Getting married is one of the most exciting yet nerve-wracking events in your life. There are so many decisions to make and events to plan. It can easily get overwhelming. Choosing which friends to have as your bridesmaids can be one of the most difficult decisions you must make. Your choices can result in displays of anger and/or bitter feelings from not being picked. How do you break the news to them that they won’t be one of your bridesmaids without hurting their feelings? How do you explain your reasons without making it directly about them, even if it is?
Speak the Truth Softly
Lying should never be the answer, but unapologetically pointing fingers and criticizing them will only make the situation worse. Maybe this friend is known for causing drama and you would much prefer it if she weren’t in the wedding to prevent unnecessary stress. Maybe your budget only allows for a very small group of bridesmaids and you have non-negotiables like your sister(s) or SIL, or your fiancé isn't her biggest fan and would prefer if she weren't a part of the big day or in photos that will last a lifetime. While the reasoning can differ depending on your relationship, if she is a real friend, telling her the truth shouldn’t hurt the friendship in the long run. Be honest but do it with love and respect for her feelings. If she gets offended and hurt by you gently laying out the truth, maybe she wasn’t a good friend to begin with.
Acknowledge Her Feelings
Being a bridesmaid is a considerable honor, so when you’re told you won’t be in your friend’s wedding, it can definitely hurt. Put yourself in her shoes to gain some perspective. When you speak with her, convey a deep understanding of her feelings and disappointment at not being included. Explain that it has nothing to do with her (if it honestly doesn't) and everything to do with family and/or your limited bridesmaid positions. Express that your intentions aren’t to hurt her and that you aren’t picking favorites among your friends. Maybe you have just known your other female friends longer and are naturally closer to them. If being open, honest, and kind about the situation doesn’t resolve the issue, then that’s a reflection of her character, not yours.

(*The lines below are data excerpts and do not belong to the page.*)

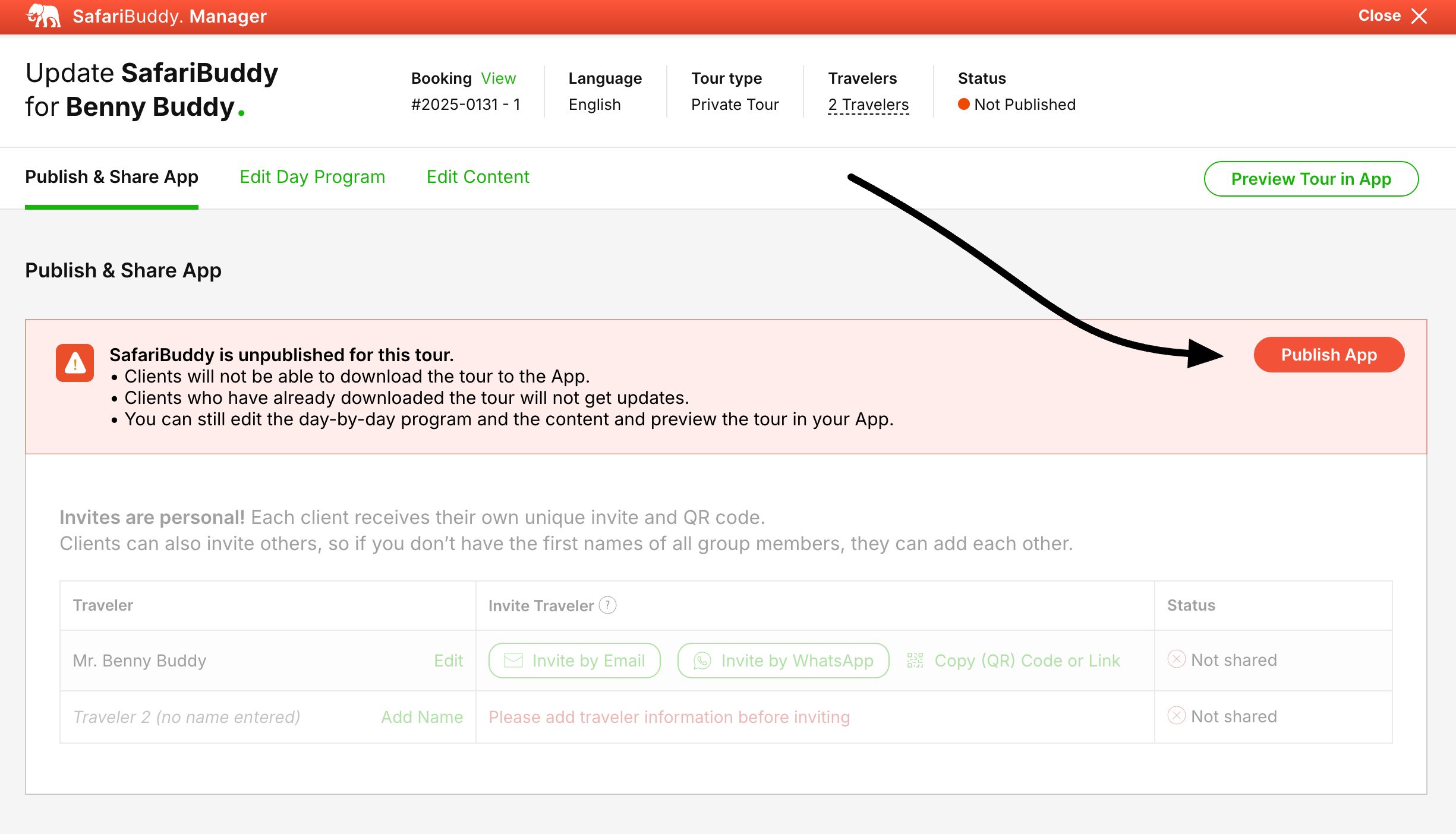 Clients can share the app and tour with fellow travelers, as long as there are slots available (never more than indicated as booked for the group). They can do this from the App.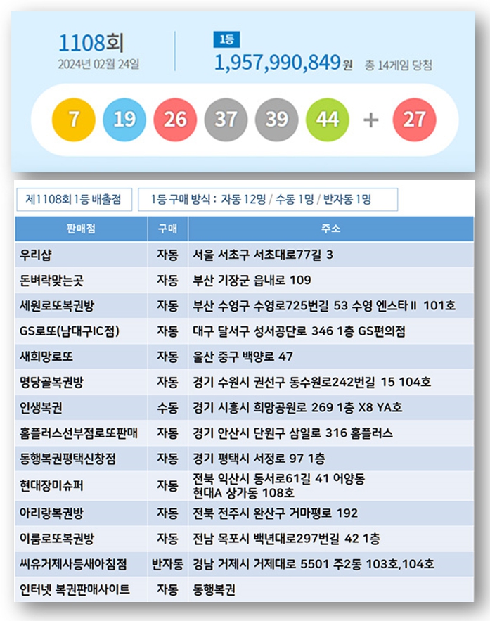 로또 1109회 1등 당첨 예상번호 분석, 1108회 로또 당첨번호 최근 트렌드 1등 당첨지역 로또판매점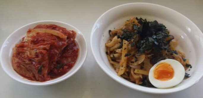 그냥 냉장고에 잠자고 있는 감자와 양파 그리고 김치를 볶아주고 아무 국수나 넣고 같이 볶아주기만 하면 되지요~ 설탕으로 단맛을... 간장으로 간을...

Involving her in the events and preparations can help smooth over any hard feelings.
Get Her Involved in Something Else
Just because she isn’t in the wedding party doesn’t mean she can’t participate in the wedding preparation. Invite her to your bachelorette party. This way she can still be part of the festivities. If you feel comfortable with it, ask her to get ready with you in the bridal suite alongside your bridesmaids. This way she still feels included, which can turn out to be a great bonding moment for you both.
Maybe she has excellent decorating skills or is an accomplished pianist? Ask her to play a song during the ceremony or request if she would help decorate the dining tables and put together flower arrangements. If she’s a pro-organizer, have her help you with wedding planning. A great deal goes into the wedding planning process and help is always appreciated. This will help ease any hard feelings your friend may possess.
Set Clear Boundaries
Creating boundaries is a crucial part of any relationship. This includes setting boundaries with your friends and the role they play in your life. Women often don’t want to come across as controlling, so they choose to be agreeable instead of sticking to what they want, even when it comes to their wedding. It’s not uncommon for the other women in the bride’s life (friends, sisters, mothers, etc.) to start making decisions without even asking for her opinion beforehand. This is an infringement on your role as the “bride to be.”

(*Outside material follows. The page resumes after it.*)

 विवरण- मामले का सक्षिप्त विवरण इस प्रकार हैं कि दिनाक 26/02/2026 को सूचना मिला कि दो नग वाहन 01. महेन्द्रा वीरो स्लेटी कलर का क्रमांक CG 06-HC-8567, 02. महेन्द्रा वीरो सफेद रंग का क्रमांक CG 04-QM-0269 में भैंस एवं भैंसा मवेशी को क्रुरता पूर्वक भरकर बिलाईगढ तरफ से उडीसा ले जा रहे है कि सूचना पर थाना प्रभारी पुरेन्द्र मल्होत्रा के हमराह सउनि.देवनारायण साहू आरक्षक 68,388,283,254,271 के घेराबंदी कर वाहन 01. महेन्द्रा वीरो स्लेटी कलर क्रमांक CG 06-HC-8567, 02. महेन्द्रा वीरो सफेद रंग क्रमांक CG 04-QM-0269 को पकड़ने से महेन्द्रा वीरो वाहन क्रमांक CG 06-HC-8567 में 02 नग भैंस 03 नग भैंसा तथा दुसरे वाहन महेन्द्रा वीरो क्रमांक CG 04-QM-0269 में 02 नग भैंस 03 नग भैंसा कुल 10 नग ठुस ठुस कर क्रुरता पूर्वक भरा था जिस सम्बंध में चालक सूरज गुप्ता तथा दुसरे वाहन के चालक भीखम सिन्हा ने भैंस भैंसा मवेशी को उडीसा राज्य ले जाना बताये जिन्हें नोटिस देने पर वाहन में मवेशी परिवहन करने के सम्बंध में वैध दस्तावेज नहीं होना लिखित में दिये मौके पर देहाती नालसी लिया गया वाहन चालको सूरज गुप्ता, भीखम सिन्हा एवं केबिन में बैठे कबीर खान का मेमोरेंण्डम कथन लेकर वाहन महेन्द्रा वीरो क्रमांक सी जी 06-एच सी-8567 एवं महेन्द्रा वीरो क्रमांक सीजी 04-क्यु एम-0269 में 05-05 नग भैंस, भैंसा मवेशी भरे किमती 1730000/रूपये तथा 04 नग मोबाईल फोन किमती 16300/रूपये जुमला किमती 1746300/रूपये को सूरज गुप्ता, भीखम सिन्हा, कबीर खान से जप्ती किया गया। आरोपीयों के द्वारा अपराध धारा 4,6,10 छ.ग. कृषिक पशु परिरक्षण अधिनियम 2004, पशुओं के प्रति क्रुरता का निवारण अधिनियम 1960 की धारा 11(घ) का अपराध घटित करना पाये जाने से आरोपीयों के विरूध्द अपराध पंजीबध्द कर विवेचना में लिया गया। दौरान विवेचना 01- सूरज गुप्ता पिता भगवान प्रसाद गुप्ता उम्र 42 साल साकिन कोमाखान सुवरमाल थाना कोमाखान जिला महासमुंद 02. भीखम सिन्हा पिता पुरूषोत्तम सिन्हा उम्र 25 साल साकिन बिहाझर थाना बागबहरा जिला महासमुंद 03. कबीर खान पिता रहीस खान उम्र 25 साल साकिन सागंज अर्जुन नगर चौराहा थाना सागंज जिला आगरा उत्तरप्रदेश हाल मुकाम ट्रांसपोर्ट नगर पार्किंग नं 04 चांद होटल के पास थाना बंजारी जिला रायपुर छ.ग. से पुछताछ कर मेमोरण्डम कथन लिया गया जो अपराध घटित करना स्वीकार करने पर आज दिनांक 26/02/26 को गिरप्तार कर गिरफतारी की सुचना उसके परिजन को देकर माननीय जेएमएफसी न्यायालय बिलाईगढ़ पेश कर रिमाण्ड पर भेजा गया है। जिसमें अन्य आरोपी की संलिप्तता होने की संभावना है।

This is your wedding, and while you appreciate their opinions, you don’t need them to speak for you.
Respectfully but firmly state this is in fact your wedding and while you appreciate their opinions, you don’t need them to speak for you. This includes “friends” pressuring you to add them to your wedding party. Include them because you genuinely enjoy their friendship, not because you'll feel awkward or uncomfortable with telling them the truth.
Appreciate Her Friendship
Misunderstandings happen quite often, but they shouldn’t end a whole friendship, particularly a close one. Showing her appreciation should help smooth over any ill feelings. Tell her how much you love having her as your friend and bring up some fond memories you’ve shared together. Express how much those memories mean to you. Maybe make plans to spend time together after the wedding and honeymoon. This way she knows you haven’t forgotten about her. Friends often feel as if they will lose your friendship once you get married. Making plans to spend time together will prevent this from happening by consistently including them in your life.
Between figuring out where to host your wedding, when to hold the ceremony, who to send invites to, and who to include in your wedding party, being a bride can be stressful. Just remember, you have a whole army of people who love and support you through this exciting time in your life.
A real friend will be by your side through thick and thin. If some hurt feelings are what breaks apart your relationship, it was never a strong friendship to begin with. A small yet close group of friends is better than a group of chaotic friends who only spew drama. True friends will show you understanding and support. They should understand this isn’t about them, it’s about you and your husband's wedding. A true friend will be happy for you, bridesmaid or not.